[YOUR TASK] Copy nothing but the lines below, from the one with "大市社区股份经济合作社换届选举理事会、监事会成员候选人名单第一次公示" through the one with "NUX Mighty Air", exactly as written; no pictures should appear.

[RECORDED INFORMATION]
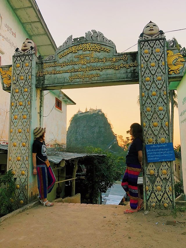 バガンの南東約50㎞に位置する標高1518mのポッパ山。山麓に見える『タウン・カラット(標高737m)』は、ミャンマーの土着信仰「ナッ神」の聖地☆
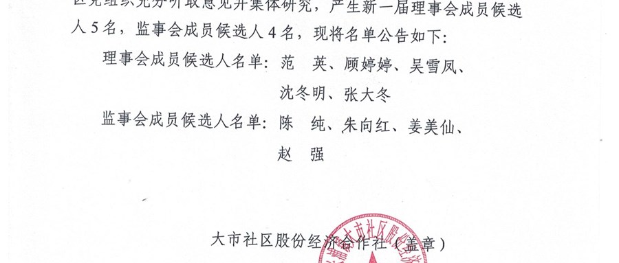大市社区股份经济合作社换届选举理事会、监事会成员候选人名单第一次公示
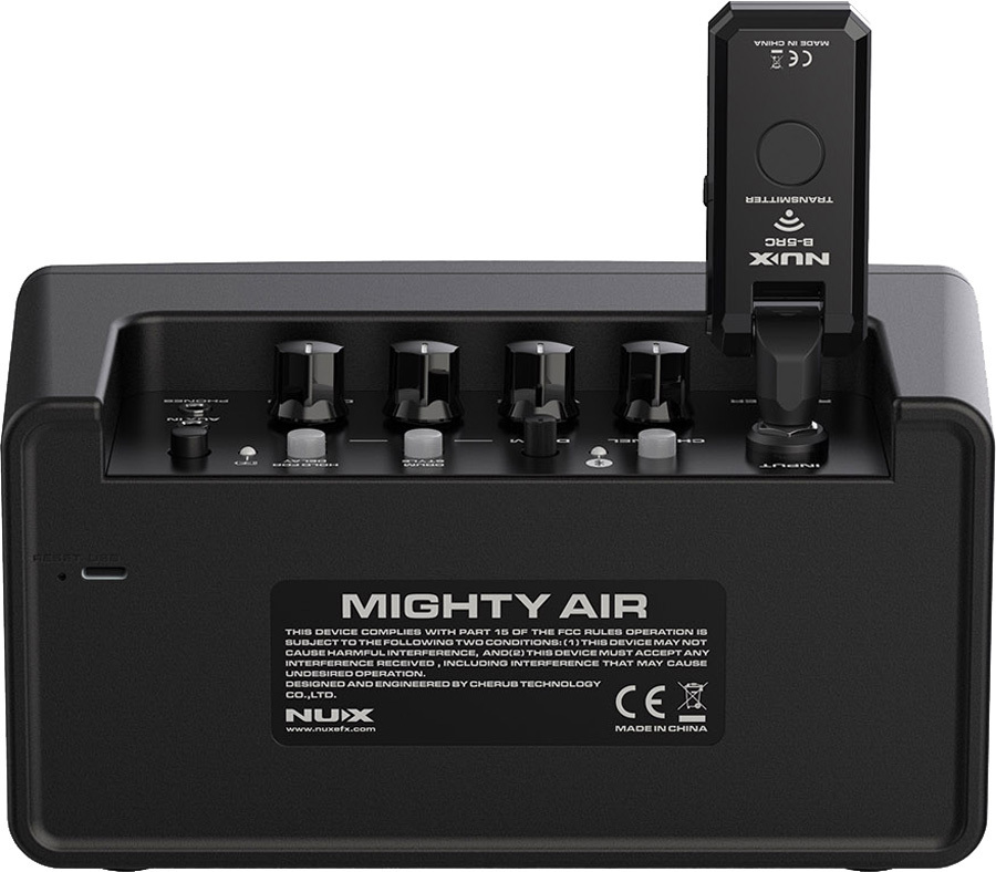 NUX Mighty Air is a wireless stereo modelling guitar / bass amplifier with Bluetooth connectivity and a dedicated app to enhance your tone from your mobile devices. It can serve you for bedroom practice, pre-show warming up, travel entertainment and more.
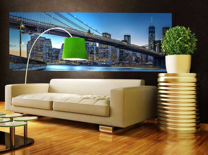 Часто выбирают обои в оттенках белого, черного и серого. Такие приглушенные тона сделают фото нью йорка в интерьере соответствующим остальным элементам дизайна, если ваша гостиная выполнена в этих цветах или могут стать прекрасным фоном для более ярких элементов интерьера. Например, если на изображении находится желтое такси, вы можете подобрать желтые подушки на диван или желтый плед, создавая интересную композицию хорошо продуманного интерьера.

[ANSWER SPACE]
大市社区股份经济合作社换届选举理事会、监事会成员候选人名单第一次公示
 NUX Mighty Air is a wireless stereo modelling guitar / bass amplifier with Bluetooth connectivity and a dedicated app to enhance your tone from your mobile devices. It can serve you for bedroom practice, pre-show warming up, travel entertainment and more.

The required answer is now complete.